All of the records shown below need to be copied with no differences.

==== PROVIDED ENTRIES

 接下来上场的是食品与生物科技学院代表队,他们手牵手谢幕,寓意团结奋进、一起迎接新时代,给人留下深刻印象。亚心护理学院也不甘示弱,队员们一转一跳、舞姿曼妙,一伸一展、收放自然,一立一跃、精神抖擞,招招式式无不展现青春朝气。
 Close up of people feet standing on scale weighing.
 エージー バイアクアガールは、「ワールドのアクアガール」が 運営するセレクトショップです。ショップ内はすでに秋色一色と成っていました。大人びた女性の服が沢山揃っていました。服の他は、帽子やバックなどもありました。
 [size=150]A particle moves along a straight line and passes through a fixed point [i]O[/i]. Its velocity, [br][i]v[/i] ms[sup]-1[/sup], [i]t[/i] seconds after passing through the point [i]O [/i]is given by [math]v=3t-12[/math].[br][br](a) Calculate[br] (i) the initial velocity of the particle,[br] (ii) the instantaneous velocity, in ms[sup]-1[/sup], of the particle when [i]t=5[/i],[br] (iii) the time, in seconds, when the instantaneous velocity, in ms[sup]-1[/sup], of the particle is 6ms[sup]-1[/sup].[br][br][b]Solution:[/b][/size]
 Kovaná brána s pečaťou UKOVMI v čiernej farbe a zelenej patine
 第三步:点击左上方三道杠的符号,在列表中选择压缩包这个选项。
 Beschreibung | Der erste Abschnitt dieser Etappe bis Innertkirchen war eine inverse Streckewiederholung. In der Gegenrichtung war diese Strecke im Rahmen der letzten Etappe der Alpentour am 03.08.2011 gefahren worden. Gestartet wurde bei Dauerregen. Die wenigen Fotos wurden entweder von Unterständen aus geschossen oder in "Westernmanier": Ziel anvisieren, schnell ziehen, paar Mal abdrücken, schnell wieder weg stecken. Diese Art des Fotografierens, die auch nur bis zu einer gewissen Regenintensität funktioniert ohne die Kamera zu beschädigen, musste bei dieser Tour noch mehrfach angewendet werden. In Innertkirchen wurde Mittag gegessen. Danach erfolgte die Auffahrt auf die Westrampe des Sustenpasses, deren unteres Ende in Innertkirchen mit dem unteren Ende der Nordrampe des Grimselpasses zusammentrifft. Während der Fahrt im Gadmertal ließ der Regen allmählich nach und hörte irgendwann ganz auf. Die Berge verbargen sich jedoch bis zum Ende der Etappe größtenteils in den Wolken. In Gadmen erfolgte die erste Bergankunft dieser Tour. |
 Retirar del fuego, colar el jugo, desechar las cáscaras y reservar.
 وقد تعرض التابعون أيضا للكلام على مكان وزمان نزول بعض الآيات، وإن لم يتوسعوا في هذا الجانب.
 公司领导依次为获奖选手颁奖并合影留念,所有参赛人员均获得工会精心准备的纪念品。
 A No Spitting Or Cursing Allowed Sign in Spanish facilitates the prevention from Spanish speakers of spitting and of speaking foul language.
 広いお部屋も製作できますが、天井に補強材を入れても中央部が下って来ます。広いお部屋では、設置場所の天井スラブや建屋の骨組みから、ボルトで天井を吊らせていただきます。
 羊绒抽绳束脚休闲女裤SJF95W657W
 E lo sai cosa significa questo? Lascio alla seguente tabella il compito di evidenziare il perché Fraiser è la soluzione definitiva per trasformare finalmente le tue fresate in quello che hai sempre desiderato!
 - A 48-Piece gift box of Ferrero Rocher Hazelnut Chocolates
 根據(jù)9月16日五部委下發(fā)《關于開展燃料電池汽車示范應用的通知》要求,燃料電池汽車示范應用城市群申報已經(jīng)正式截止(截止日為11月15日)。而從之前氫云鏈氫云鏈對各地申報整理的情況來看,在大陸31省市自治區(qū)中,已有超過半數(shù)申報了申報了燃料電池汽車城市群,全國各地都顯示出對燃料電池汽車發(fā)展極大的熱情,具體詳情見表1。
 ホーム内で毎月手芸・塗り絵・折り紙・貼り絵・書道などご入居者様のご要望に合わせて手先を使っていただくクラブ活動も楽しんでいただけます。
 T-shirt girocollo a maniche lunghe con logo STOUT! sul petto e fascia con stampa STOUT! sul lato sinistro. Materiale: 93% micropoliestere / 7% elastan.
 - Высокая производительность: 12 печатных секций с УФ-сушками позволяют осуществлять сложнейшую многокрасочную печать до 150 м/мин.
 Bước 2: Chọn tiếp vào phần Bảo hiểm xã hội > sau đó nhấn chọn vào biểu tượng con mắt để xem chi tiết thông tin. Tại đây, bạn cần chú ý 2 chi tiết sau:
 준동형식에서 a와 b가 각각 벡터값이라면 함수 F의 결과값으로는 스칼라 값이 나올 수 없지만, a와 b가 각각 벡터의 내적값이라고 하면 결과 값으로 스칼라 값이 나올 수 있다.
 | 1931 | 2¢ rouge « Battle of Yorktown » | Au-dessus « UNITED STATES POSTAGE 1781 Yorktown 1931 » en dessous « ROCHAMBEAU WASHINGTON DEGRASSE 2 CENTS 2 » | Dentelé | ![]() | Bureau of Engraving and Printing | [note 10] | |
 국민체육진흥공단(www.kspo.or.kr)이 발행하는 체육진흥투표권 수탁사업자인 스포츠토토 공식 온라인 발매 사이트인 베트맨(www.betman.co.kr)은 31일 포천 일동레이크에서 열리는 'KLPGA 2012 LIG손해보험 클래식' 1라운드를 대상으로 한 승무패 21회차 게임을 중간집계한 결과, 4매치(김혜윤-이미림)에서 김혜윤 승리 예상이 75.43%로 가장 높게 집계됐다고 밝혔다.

========

RESPONSE TO THIS EXERCISE:
 接下来上场的是食品与生物科技学院代表队,他们手牵手谢幕,寓意团结奋进、一起迎接新时代,给人留下深刻印象。亚心护理学院也不甘示弱,队员们一转一跳、舞姿曼妙,一伸一展、收放自然,一立一跃、精神抖擞,招招式式无不展现青春朝气。
 Close up of people feet standing on scale weighing.
 エージー バイアクアガールは、「ワールドのアクアガール」が 運営するセレクトショップです。ショップ内はすでに秋色一色と成っていました。大人びた女性の服が沢山揃っていました。服の他は、帽子やバックなどもありました。
 [size=150]A particle moves along a straight line and passes through a fixed point [i]O[/i]. Its velocity, [br][i]v[/i] ms[sup]-1[/sup], [i]t[/i] seconds after passing through the point [i]O [/i]is given by [math]v=3t-12[/math].[br][br](a) Calculate[br] (i) the initial velocity of the particle,[br] (ii) the instantaneous velocity, in ms[sup]-1[/sup], of the particle when [i]t=5[/i],[br] (iii) the time, in seconds, when the instantaneous velocity, in ms[sup]-1[/sup], of the particle is 6ms[sup]-1[/sup].[br][br][b]Solution:[/b][/size]
 Kovaná brána s pečaťou UKOVMI v čiernej farbe a zelenej patine
 第三步:点击左上方三道杠的符号,在列表中选择压缩包这个选项。
 Beschreibung | Der erste Abschnitt dieser Etappe bis Innertkirchen war eine inverse Streckewiederholung. In der Gegenrichtung war diese Strecke im Rahmen der letzten Etappe der Alpentour am 03.08.2011 gefahren worden. Gestartet wurde bei Dauerregen. Die wenigen Fotos wurden entweder von Unterständen aus geschossen oder in "Westernmanier": Ziel anvisieren, schnell ziehen, paar Mal abdrücken, schnell wieder weg stecken. Diese Art des Fotografierens, die auch nur bis zu einer gewissen Regenintensität funktioniert ohne die Kamera zu beschädigen, musste bei dieser Tour noch mehrfach angewendet werden. In Innertkirchen wurde Mittag gegessen. Danach erfolgte die Auffahrt auf die Westrampe des Sustenpasses, deren unteres Ende in Innertkirchen mit dem unteren Ende der Nordrampe des Grimselpasses zusammentrifft. Während der Fahrt im Gadmertal ließ der Regen allmählich nach und hörte irgendwann ganz auf. Die Berge verbargen sich jedoch bis zum Ende der Etappe größtenteils in den Wolken. In Gadmen erfolgte die erste Bergankunft dieser Tour. |
 Retirar del fuego, colar el jugo, desechar las cáscaras y reservar.
 وقد تعرض التابعون أيضا للكلام على مكان وزمان نزول بعض الآيات، وإن لم يتوسعوا في هذا الجانب.
 公司领导依次为获奖选手颁奖并合影留念,所有参赛人员均获得工会精心准备的纪念品。
 A No Spitting Or Cursing Allowed Sign in Spanish facilitates the prevention from Spanish speakers of spitting and of speaking foul language.
 広いお部屋も製作できますが、天井に補強材を入れても中央部が下って来ます。広いお部屋では、設置場所の天井スラブや建屋の骨組みから、ボルトで天井を吊らせていただきます。
 羊绒抽绳束脚休闲女裤SJF95W657W
 E lo sai cosa significa questo? Lascio alla seguente tabella il compito di evidenziare il perché Fraiser è la soluzione definitiva per trasformare finalmente le tue fresate in quello che hai sempre desiderato!
 - A 48-Piece gift box of Ferrero Rocher Hazelnut Chocolates
 根據(jù)9月16日五部委下發(fā)《關于開展燃料電池汽車示范應用的通知》要求,燃料電池汽車示范應用城市群申報已經(jīng)正式截止(截止日為11月15日)。而從之前氫云鏈氫云鏈對各地申報整理的情況來看,在大陸31省市自治區(qū)中,已有超過半數(shù)申報了申報了燃料電池汽車城市群,全國各地都顯示出對燃料電池汽車發(fā)展極大的熱情,具體詳情見表1。
 ホーム内で毎月手芸・塗り絵・折り紙・貼り絵・書道などご入居者様のご要望に合わせて手先を使っていただくクラブ活動も楽しんでいただけます。
 T-shirt girocollo a maniche lunghe con logo STOUT! sul petto e fascia con stampa STOUT! sul lato sinistro. Materiale: 93% micropoliestere / 7% elastan.
 - Высокая производительность: 12 печатных секций с УФ-сушками позволяют осуществлять сложнейшую многокрасочную печать до 150 м/мин.
 Bước 2: Chọn tiếp vào phần Bảo hiểm xã hội > sau đó nhấn chọn vào biểu tượng con mắt để xem chi tiết thông tin. Tại đây, bạn cần chú ý 2 chi tiết sau:
 준동형식에서 a와 b가 각각 벡터값이라면 함수 F의 결과값으로는 스칼라 값이 나올 수 없지만, a와 b가 각각 벡터의 내적값이라고 하면 결과 값으로 스칼라 값이 나올 수 있다.
 | 1931 | 2¢ rouge « Battle of Yorktown » | Au-dessus « UNITED STATES POSTAGE 1781 Yorktown 1931 » en dessous « ROCHAMBEAU WASHINGTON DEGRASSE 2 CENTS 2 » | Dentelé | ![]() | Bureau of Engraving and Printing | [note 10] | |
 국민체육진흥공단(www.kspo.or.kr)이 발행하는 체육진흥투표권 수탁사업자인 스포츠토토 공식 온라인 발매 사이트인 베트맨(www.betman.co.kr)은 31일 포천 일동레이크에서 열리는 'KLPGA 2012 LIG손해보험 클래식' 1라운드를 대상으로 한 승무패 21회차 게임을 중간집계한 결과, 4매치(김혜윤-이미림)에서 김혜윤 승리 예상이 75.43%로 가장 높게 집계됐다고 밝혔다.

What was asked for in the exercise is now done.